MC:最後にスタッフ、キャストを代表して西島さんと内野さんからご挨拶をいただきます。

内野さん:
先ほども言いましたが、この劇場版「きのう何食べた?」は原作ファンの方もいらっしゃいますし、この実写版をご覧になってファンになってくださった方もいらっしゃいます。その方々の応援でここまで成長させてもらえたことは本当にありがたいことです。劇場版ということで、気負うことなく、テレビドラマでもやっていた、そこはかとない幸せ感とか、繊細な思いやりだとか、そういう人として大事なもの、(設定は)ゲイのカップルかもしれませんが、描いていることは人として気づかされる基本的なものがたくさん詰まっています。
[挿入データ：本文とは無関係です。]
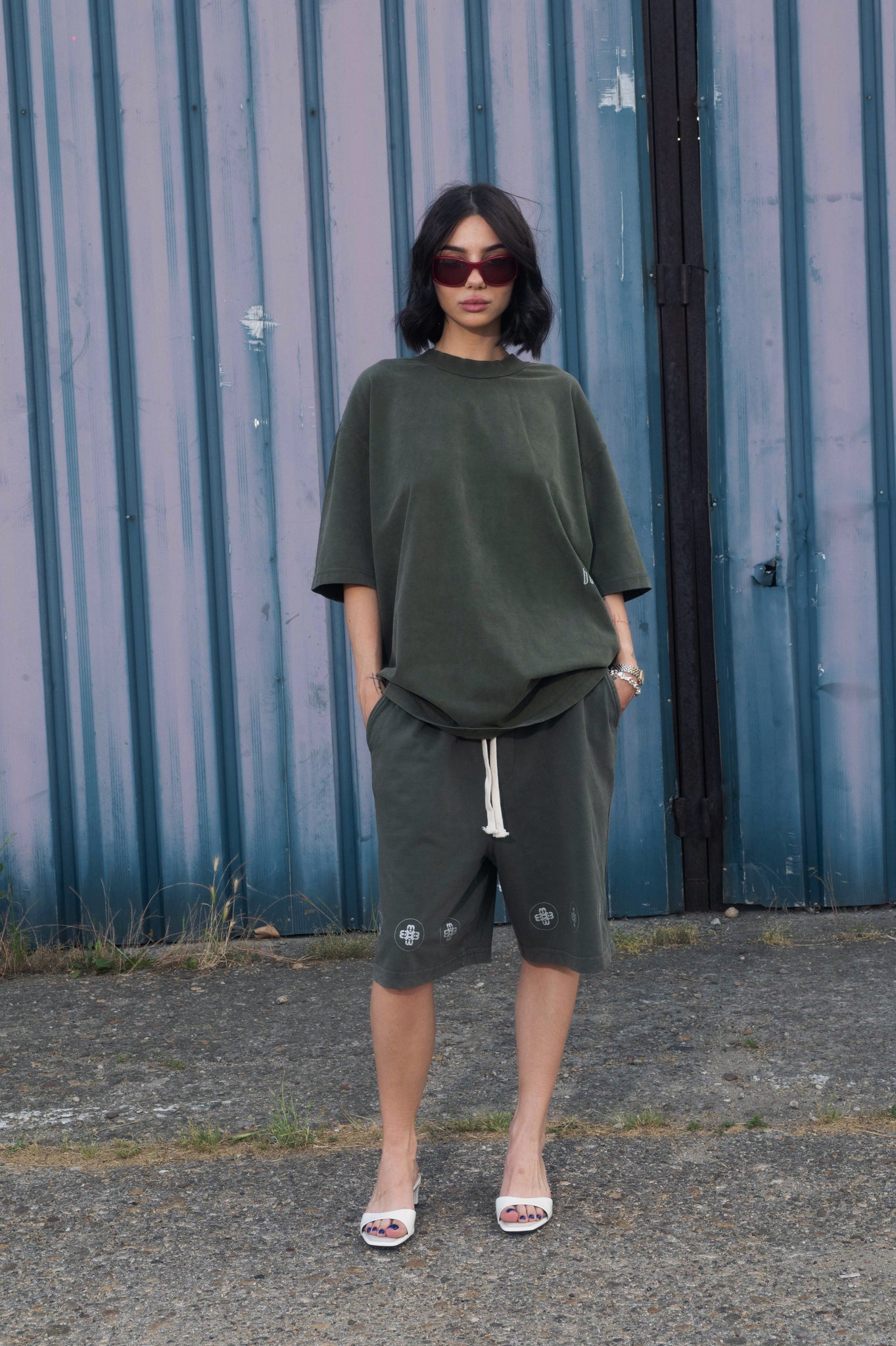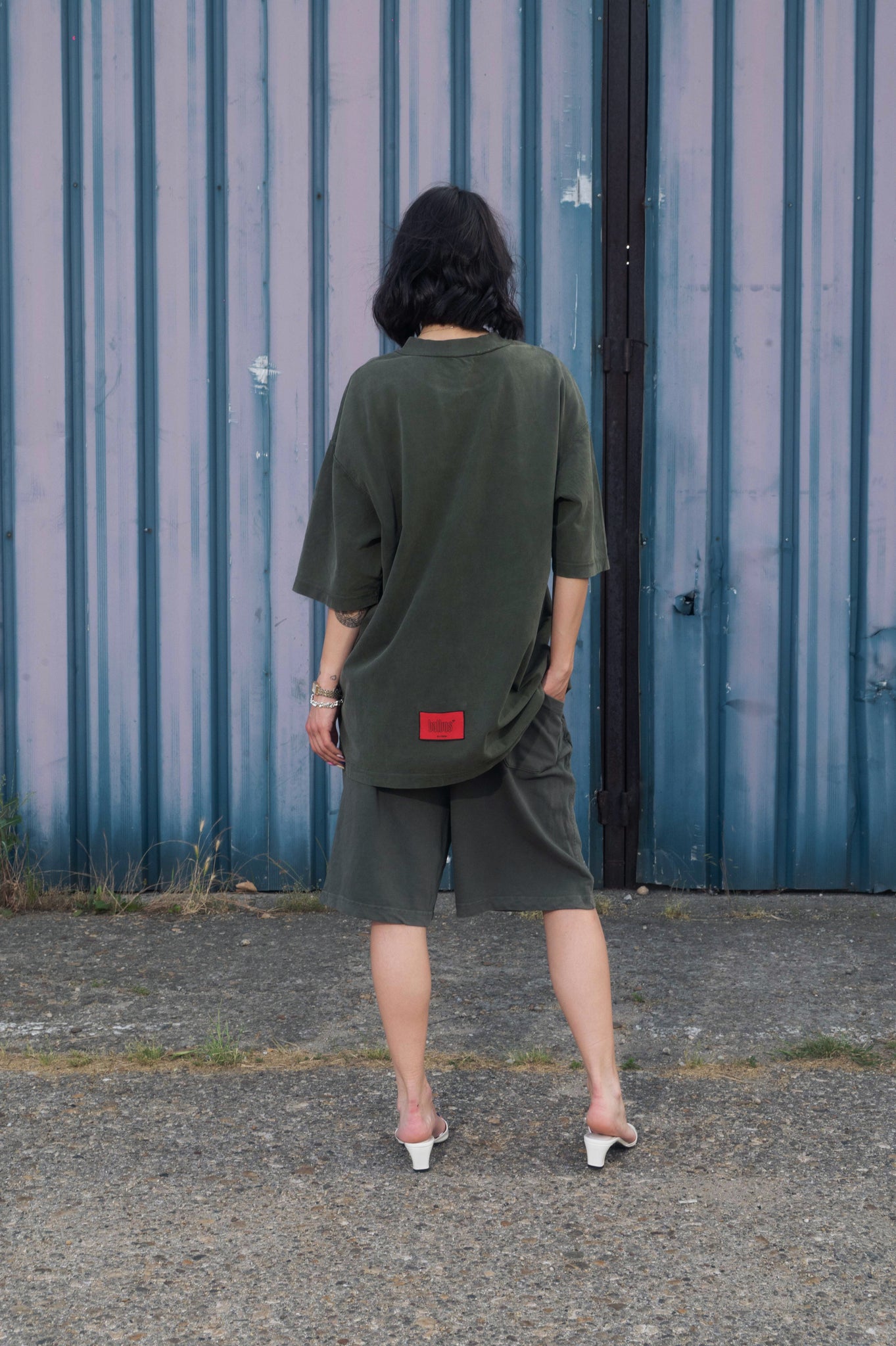 UNISEX Boxy fit with dropped shoulders. Crafted from 260gsm premium breathable cotton, vintage-washed and dyed in Portugal. Features Chrome ''balbus'' signature text screen printed on the left/front side and embroidered Logo patches stitched at the lower back.
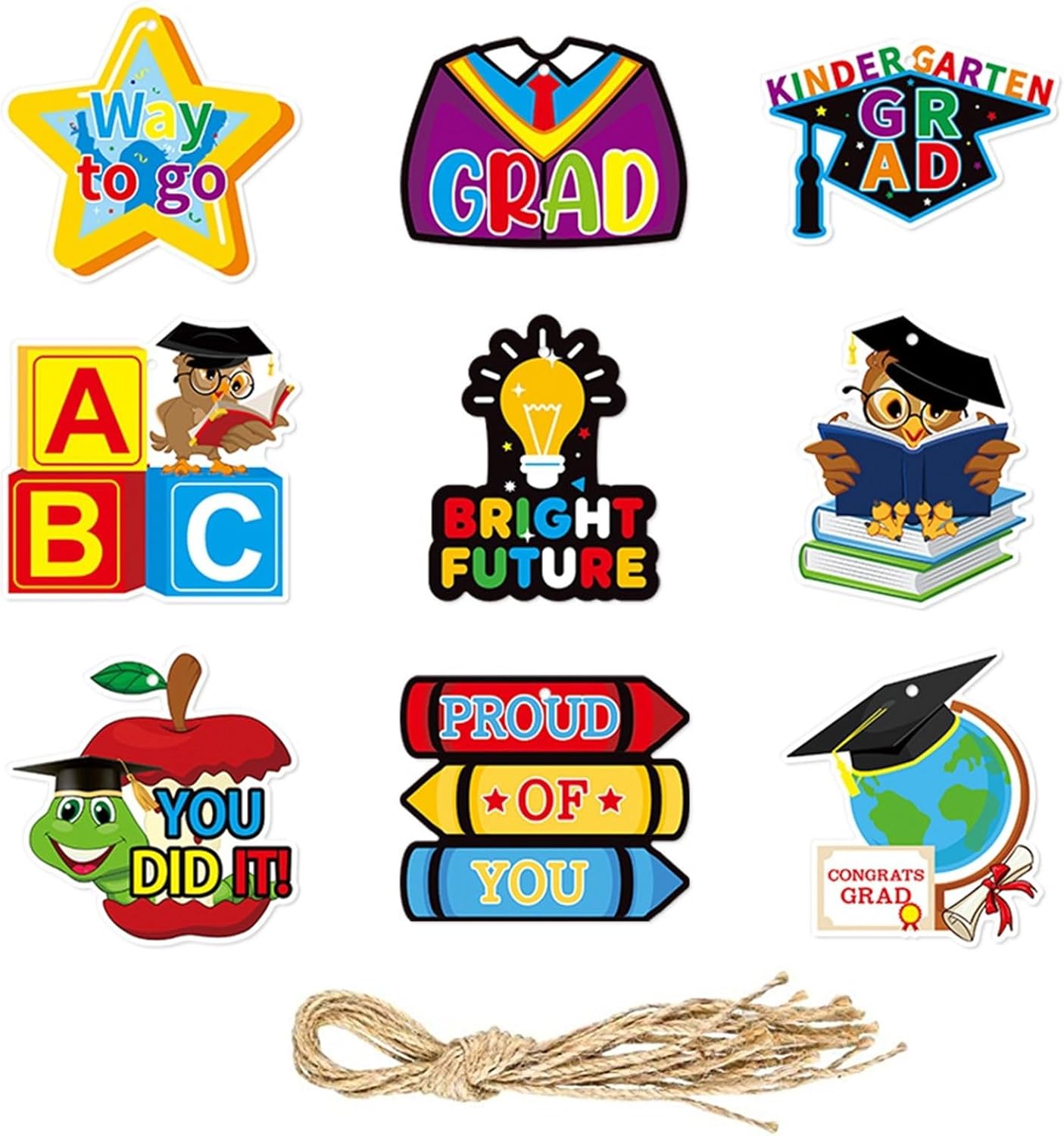Materiali, borse di laurea prescolare sono realizzati con materiali, è pieno di durata. Stampa chiara il colore è ricco e non sbiadisce facilmente la borsa di laurea prescolare con corda, facile da appendere. Ampia applicazione, le etichette per borse di laurea prescolare si applicano nelle feste di laurea in età prescolare all'asilo, classe per bambini di cerimonia scolastica 2025, attività di laurea prescolare, lasciando ricordi memorabili di laurea prescolare per i tuoi bambini, rendendo i tuoi bambini pienamente godere della felicità della festa La confezione include 9 cartellini per borsa di laurea prescolare Meraviglioso, dolce e caldo per amici, familiari e te stesso.
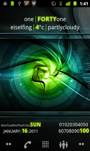 It can be configured to display time, date, battery and weather information. The layout of the widget is highly customizable through the layout editor.
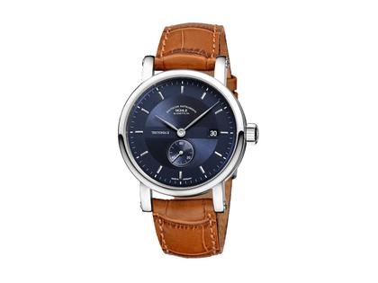 Mühle Glashütte Teutonia II Kleine Sekunde Automatik Edelstahl 41mm nachtblaues Zifferblatt braunes Lederband
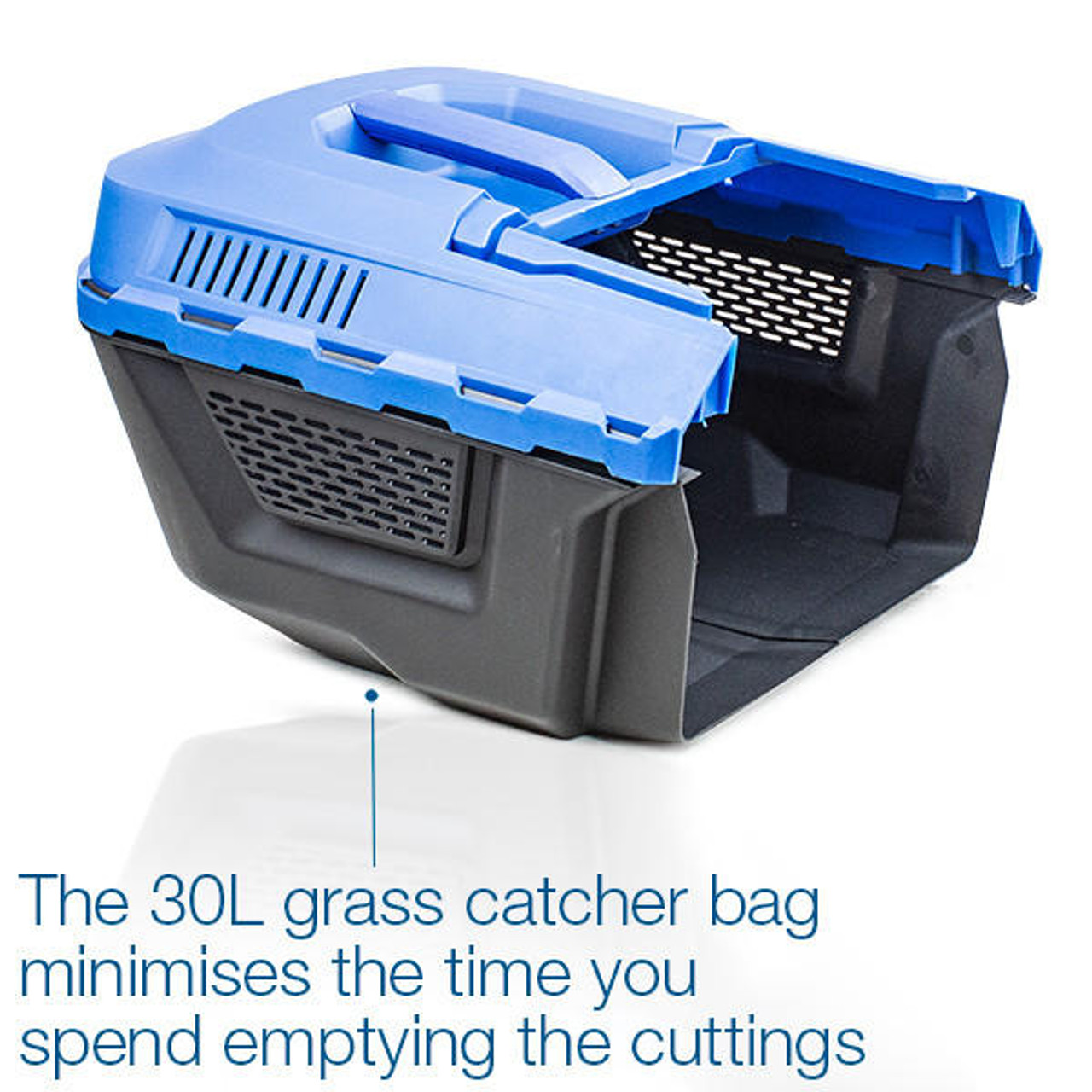 30L grass collector bag with mulching option: Minimises time spent emptying cuttings
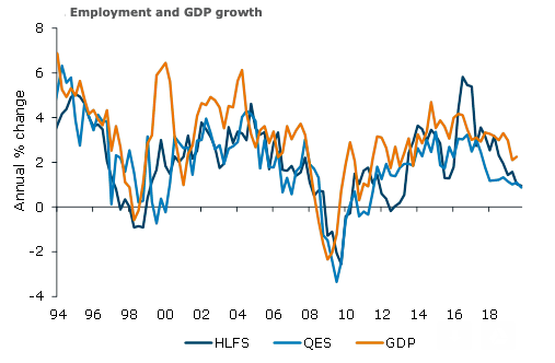 Employment growth in Q4 was weak, with HLFS employment (a survey of households) flat q/q. Annual employment growth was also flat at 1.0 percent, and continues to move within the broad range of indicators. QES employment (from a survey of businesses) was also modest. QES filled jobs rose 0.1 percent q/q, with annual growth slowing from 1.1 percent in Q3 to 0.9 percent.
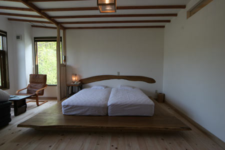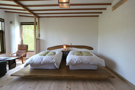 ベッド。家族構成に応じてマットレスをくっつけたり離せたりできます。
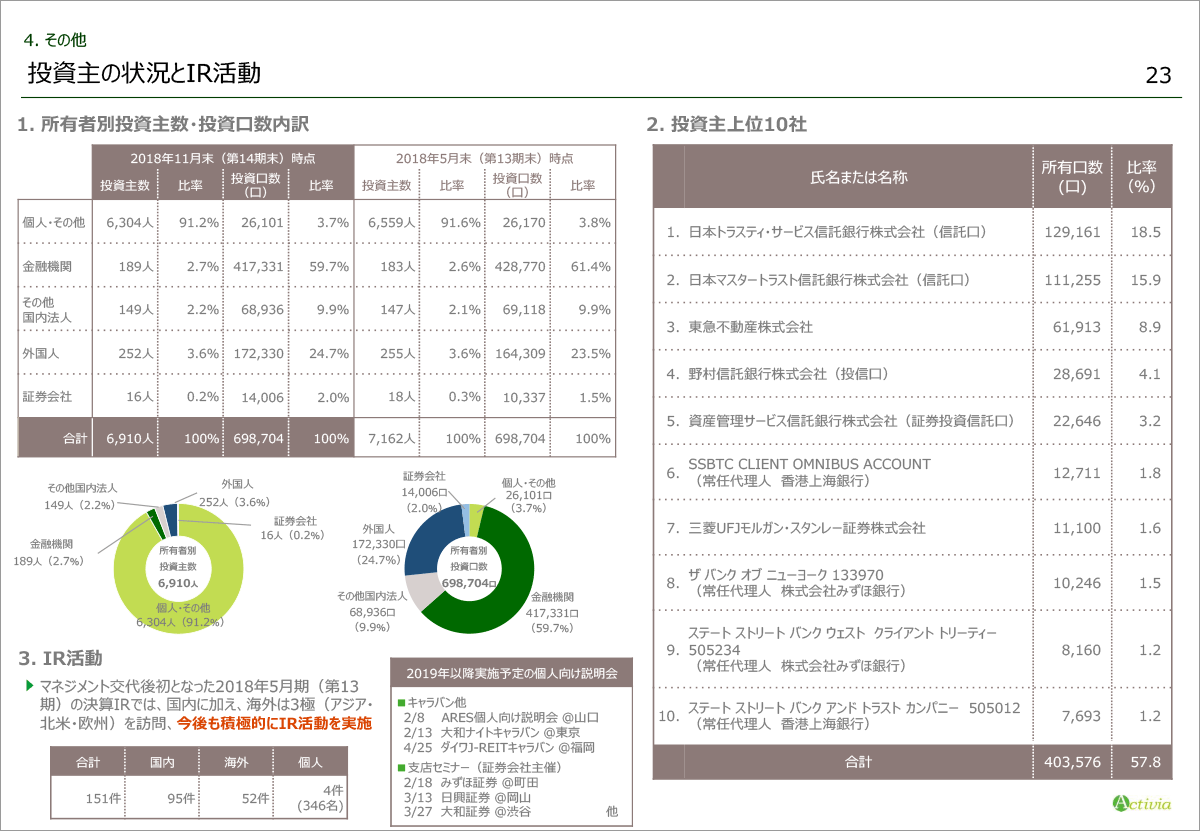 今後もしっかり投資主様とリレーションをとり、コミュニケーションを図りたいと考えております。
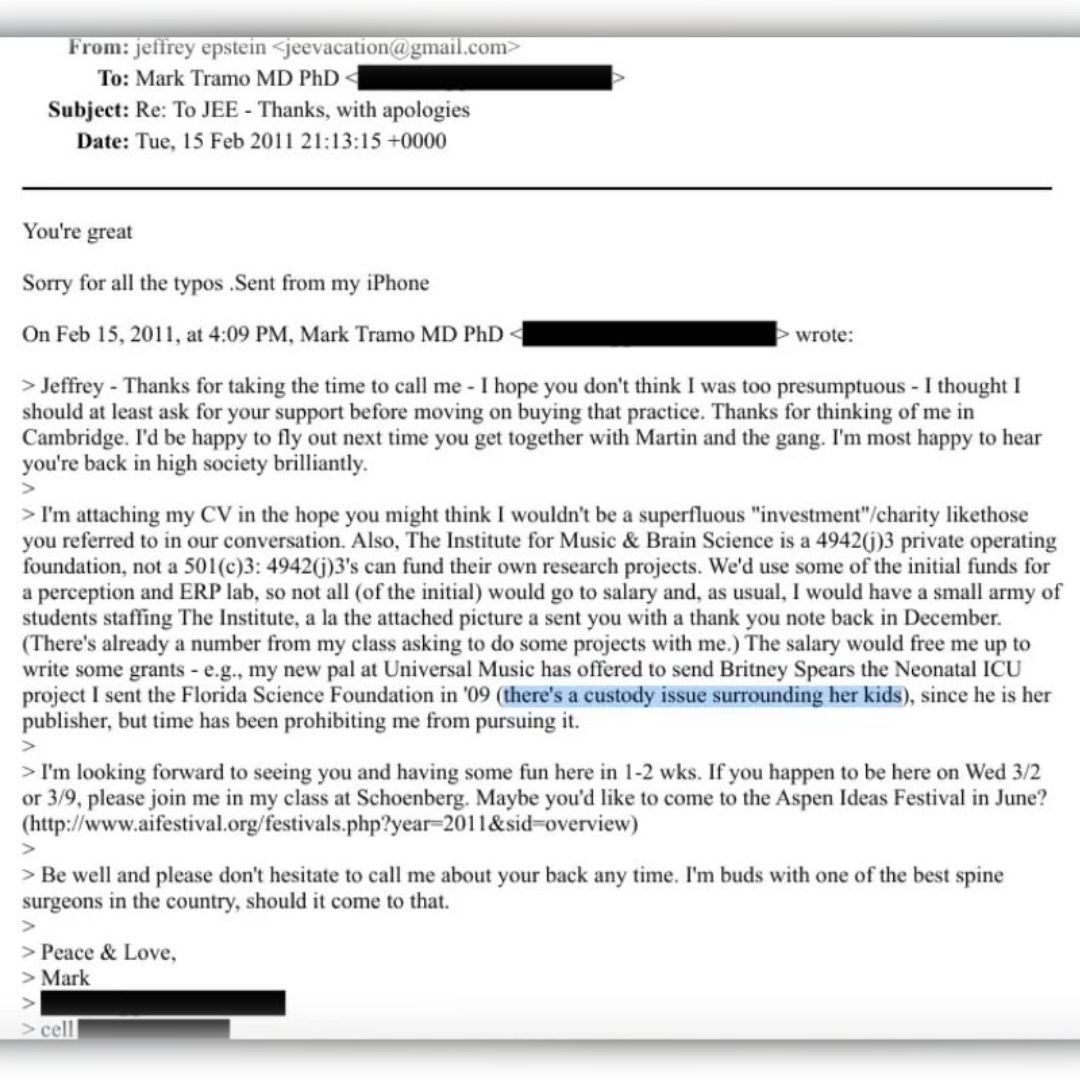 Il nome di Britney Spears negli Epstein Files compare solo una volta ma nonostante questo su TikTok sono partite varie teorie complottistiche al riguardo. La cantante in questo caso non è né una vittima né una colpevole, ma semplicemente una persona famosa citata in una email da un medico. L’email risale addirittura al 2011 ed è stata scritta da un medico e inviata a Jeffrey Epstein in cui gli parla della possibilità di proporre alla cantante un progetto di beneficenza neonatale, aggiungendo però che la cosa non era proseguita a causa dei problemi personali legati a lei.
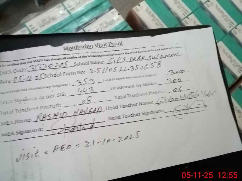 | EMIS Code: 31330205 | Name of School: GPS DERA SULEMAN | |||
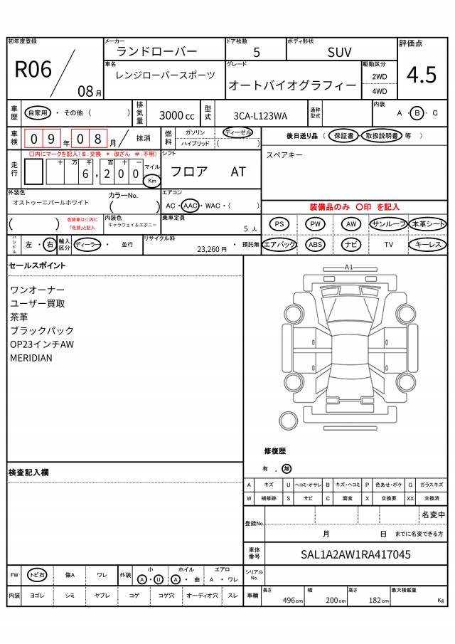 VIN/Serial No. SAL1A2AW1RA417045

だからこそ、皆さんに受け入れられたのかなと思っております。そういうものを大事にしながら劇場版でも笑いもたくさん詰まったお話になっています。年代問わず、きっと楽しめる、ほっこりした今の時代に相応しいお話になっています。ぜひ劇場版「きのう何食べた?」を味わいに劇場に遊びに来てほしいです。

西島さん:
テレビシリーズと変わらず、このメンバーで登場人物を含めて、お互いのことを思いやって、おいしいご飯を食べて、過ごしています。時代が変わって、より一層、おいしいものを食べることや、自分にとって大切な人を思いやることの大切さや、家で豊かに過ごすことの大切さみたいなものを改めて、僕個人も感じていますし、皆さんも感じているのではないかと思っています。大画面で、本当においしそうな料理と、やさしい気持ちと、ちょっとほろ苦い人生をぜひ味わってください。僕もそうでしたが、家で見ていたものを劇場観ることで、たくさんの人たちと一緒に笑ったり、涙してしまったりを、この映画で皆さんと体験できたら、こんなに幸せなことはありません。ぜひ、劇場の方に足をお運びください。